==== Record excerpts
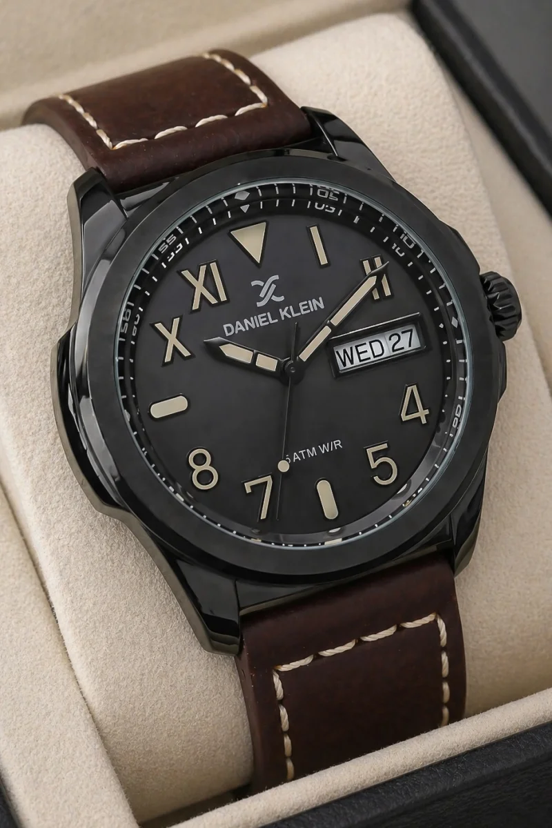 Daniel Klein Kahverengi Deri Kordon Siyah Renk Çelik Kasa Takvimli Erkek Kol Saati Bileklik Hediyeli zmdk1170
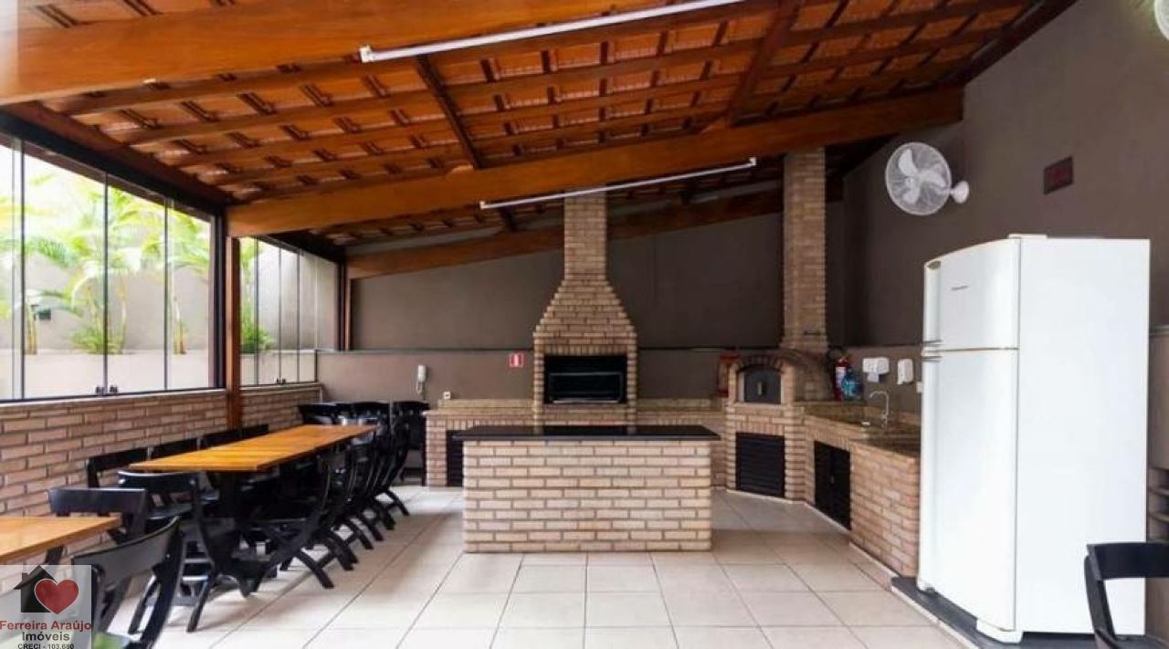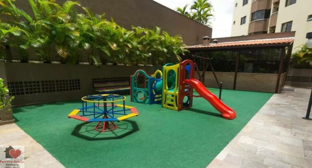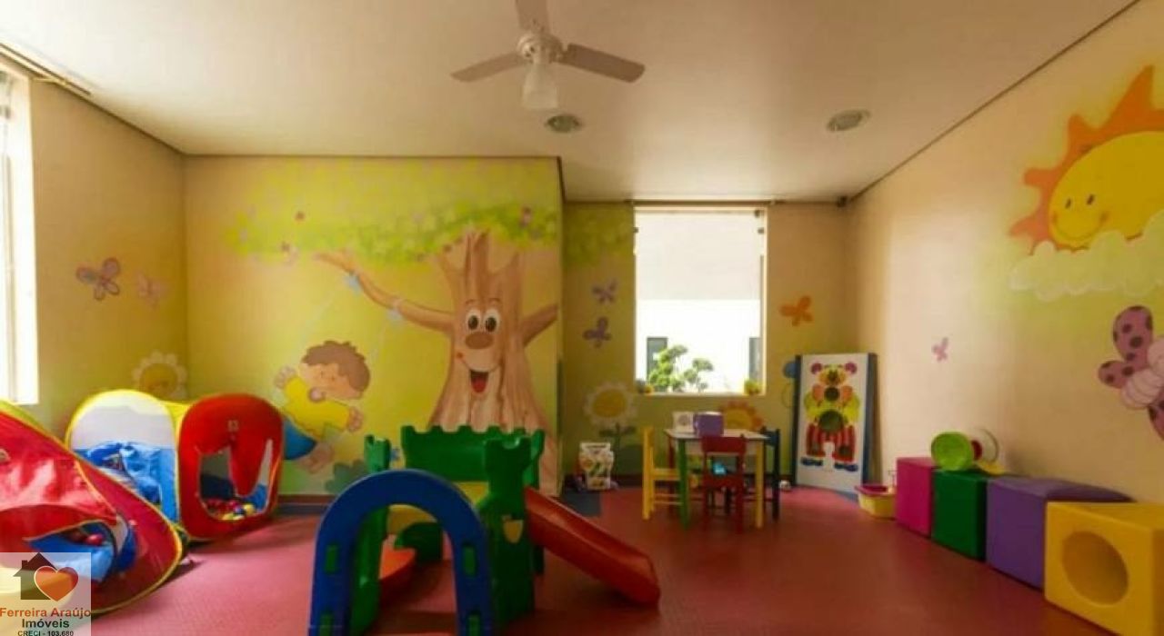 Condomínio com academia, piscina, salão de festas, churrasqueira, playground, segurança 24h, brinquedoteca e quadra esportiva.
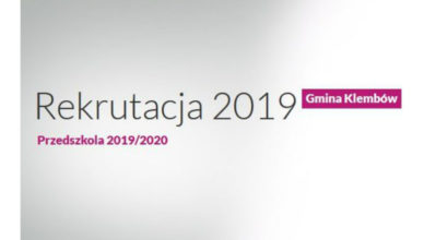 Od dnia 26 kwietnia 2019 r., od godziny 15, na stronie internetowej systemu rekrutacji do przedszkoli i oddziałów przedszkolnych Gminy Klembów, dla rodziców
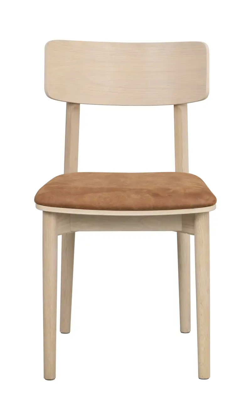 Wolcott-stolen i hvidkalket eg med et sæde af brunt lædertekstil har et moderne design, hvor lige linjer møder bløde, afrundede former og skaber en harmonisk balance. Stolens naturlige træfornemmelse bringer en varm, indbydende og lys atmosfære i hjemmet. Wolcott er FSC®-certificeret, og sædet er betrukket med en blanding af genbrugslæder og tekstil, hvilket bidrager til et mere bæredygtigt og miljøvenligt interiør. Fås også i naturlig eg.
========
==== Record excerpts
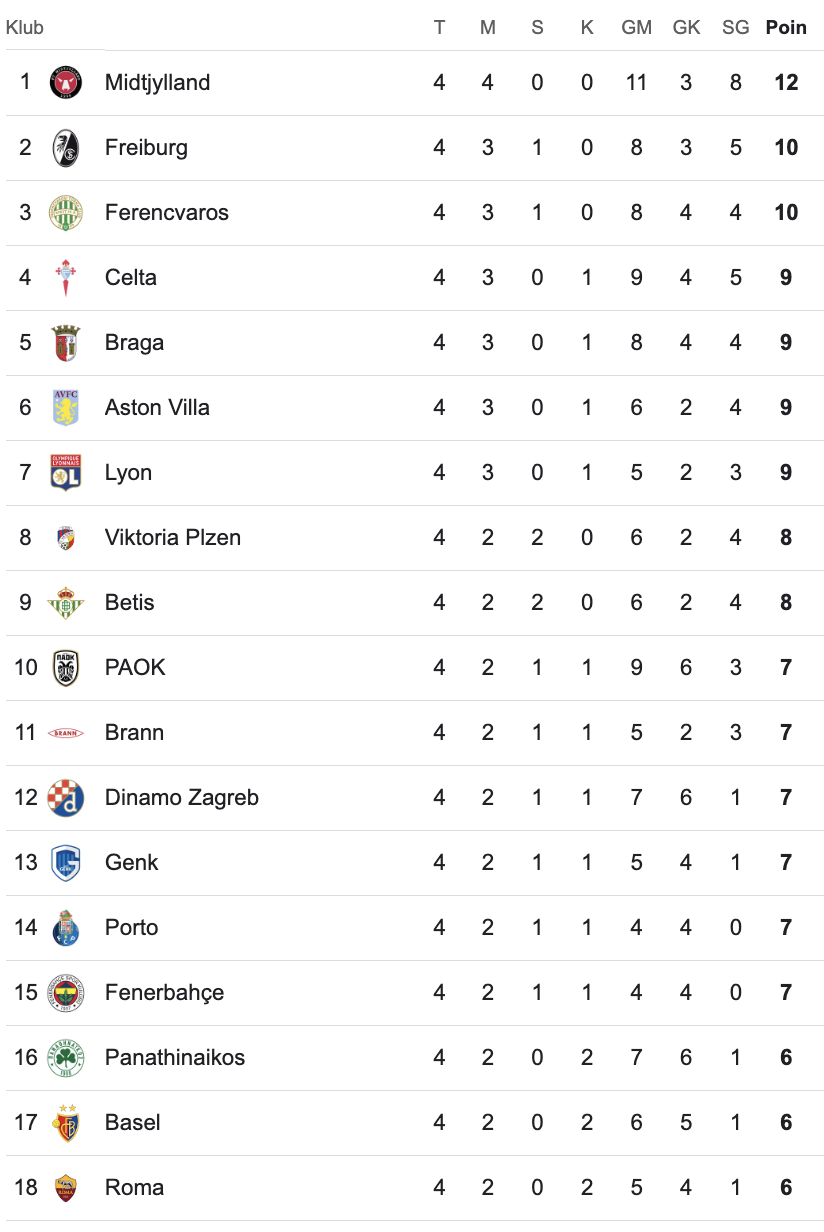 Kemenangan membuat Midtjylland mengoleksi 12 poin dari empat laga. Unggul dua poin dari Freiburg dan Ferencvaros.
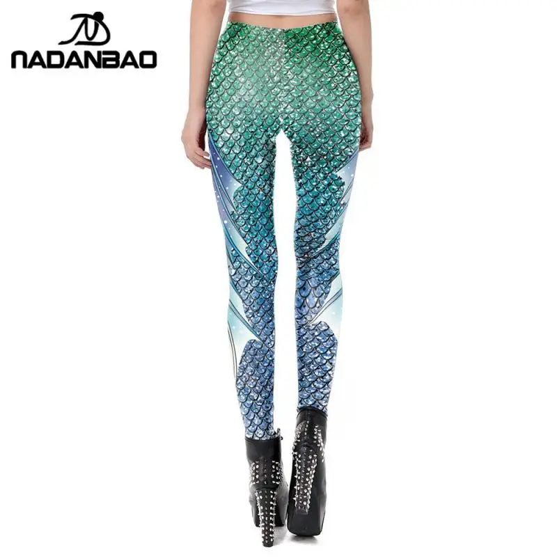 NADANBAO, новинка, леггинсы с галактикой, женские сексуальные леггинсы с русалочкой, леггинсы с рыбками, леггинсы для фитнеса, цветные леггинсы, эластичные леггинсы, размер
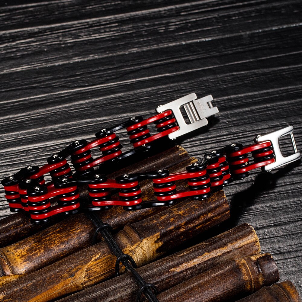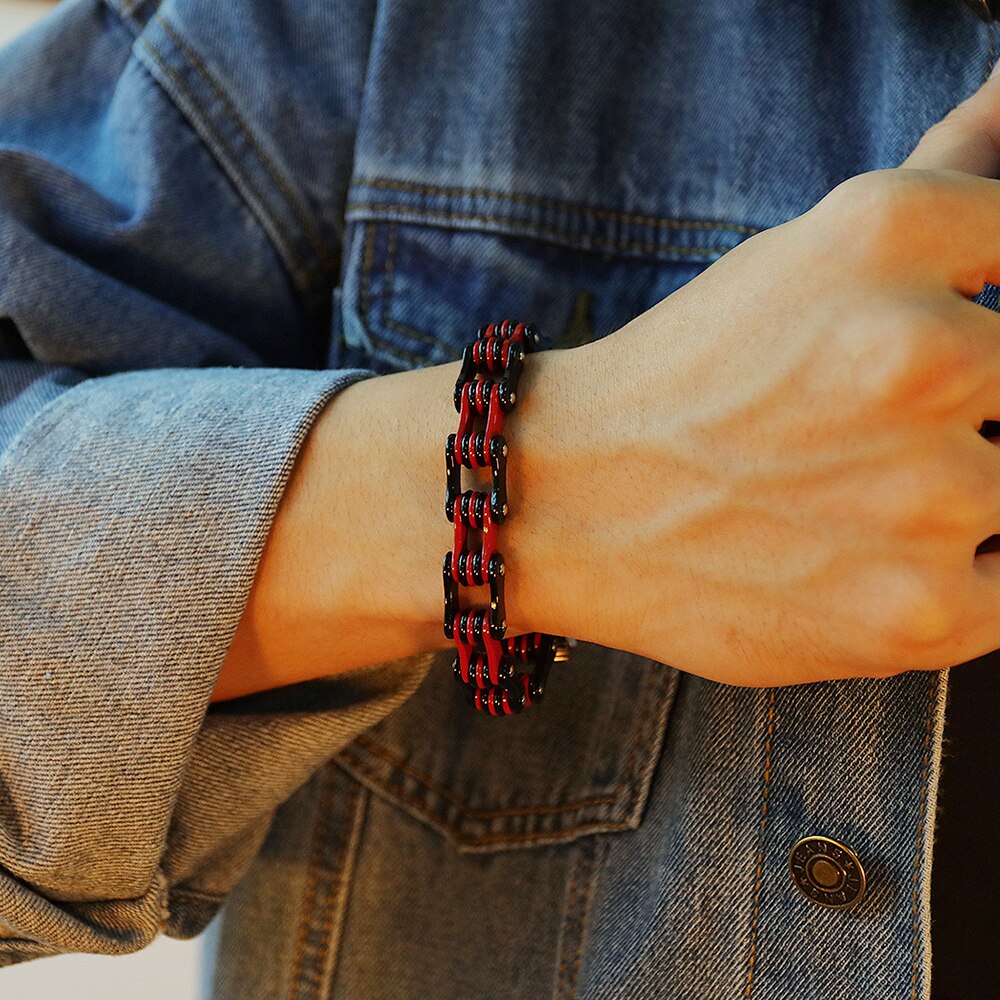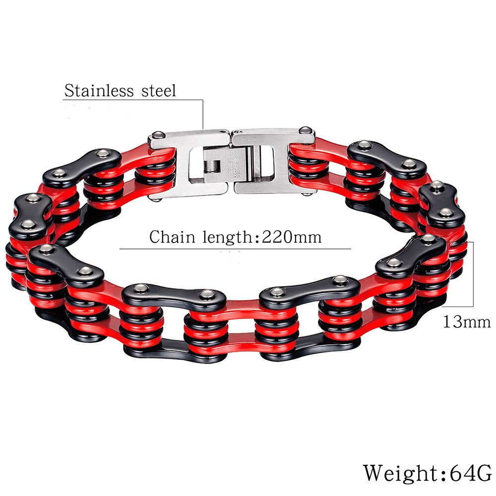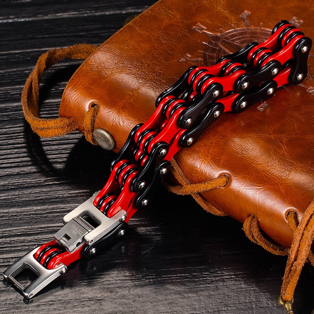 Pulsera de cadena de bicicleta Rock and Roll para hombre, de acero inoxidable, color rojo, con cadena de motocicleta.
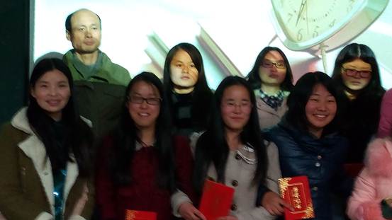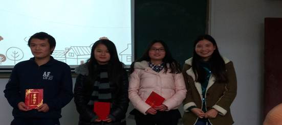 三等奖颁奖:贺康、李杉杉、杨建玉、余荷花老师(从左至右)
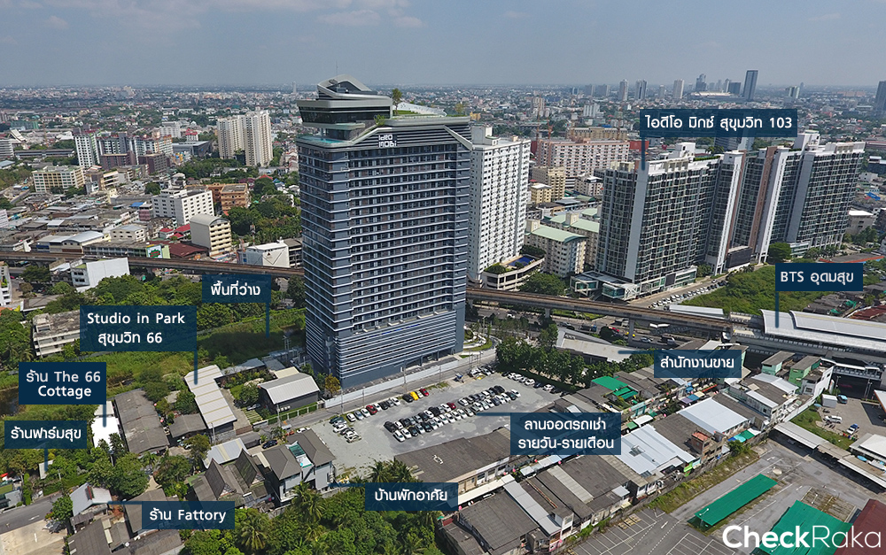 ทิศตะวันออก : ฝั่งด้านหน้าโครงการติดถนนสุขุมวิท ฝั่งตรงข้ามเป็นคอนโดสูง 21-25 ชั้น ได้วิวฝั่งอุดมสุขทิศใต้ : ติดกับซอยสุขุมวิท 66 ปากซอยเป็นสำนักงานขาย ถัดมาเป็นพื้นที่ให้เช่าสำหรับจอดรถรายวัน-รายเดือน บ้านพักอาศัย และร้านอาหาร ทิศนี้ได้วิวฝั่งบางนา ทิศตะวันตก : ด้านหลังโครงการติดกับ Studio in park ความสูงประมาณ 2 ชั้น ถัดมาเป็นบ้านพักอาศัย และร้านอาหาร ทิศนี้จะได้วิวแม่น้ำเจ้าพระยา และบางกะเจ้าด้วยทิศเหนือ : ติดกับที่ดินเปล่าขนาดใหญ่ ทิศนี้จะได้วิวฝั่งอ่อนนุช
========
==== Record excerpts
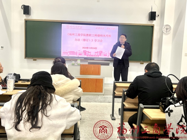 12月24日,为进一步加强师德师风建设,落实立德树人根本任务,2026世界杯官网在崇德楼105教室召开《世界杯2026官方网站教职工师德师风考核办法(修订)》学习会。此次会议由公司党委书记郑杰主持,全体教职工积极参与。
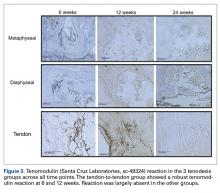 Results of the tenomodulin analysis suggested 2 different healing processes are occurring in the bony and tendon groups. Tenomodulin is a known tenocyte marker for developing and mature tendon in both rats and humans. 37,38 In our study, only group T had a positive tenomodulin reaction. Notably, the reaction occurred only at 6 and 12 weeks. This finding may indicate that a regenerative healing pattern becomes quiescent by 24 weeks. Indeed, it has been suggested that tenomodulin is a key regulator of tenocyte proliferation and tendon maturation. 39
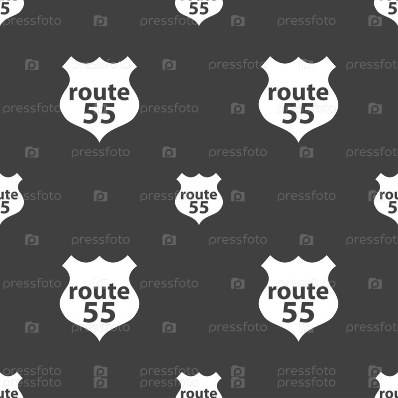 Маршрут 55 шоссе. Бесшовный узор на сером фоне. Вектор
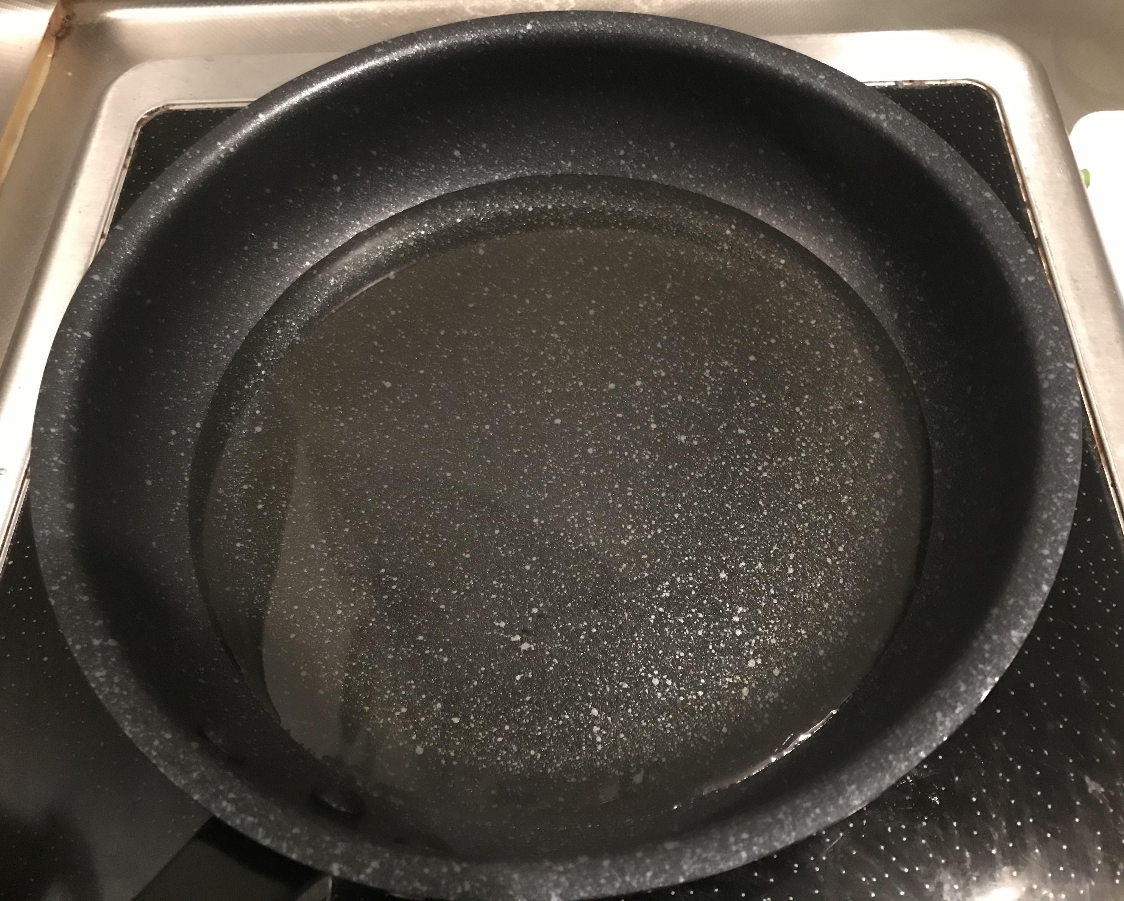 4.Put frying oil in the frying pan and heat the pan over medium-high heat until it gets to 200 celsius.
========
▶ Work task: In the records above, find the line with "Daniel Klein Kahverengi" and the line with "Od dnia 26 kwietnia"; please transcribe exactly those two lines and all lines between them, omitting any picture.

▶ Exercise output:
 Daniel Klein Kahverengi Deri Kordon Siyah Renk Çelik Kasa Takvimli Erkek Kol Saati Bileklik Hediyeli zmdk1170
 Condomínio com academia, piscina, salão de festas, churrasqueira, playground, segurança 24h, brinquedoteca e quadra esportiva.
 Od dnia 26 kwietnia 2019 r., od godziny 15, na stronie internetowej systemu rekrutacji do przedszkoli i oddziałów przedszkolnych Gminy Klembów, dla rodziców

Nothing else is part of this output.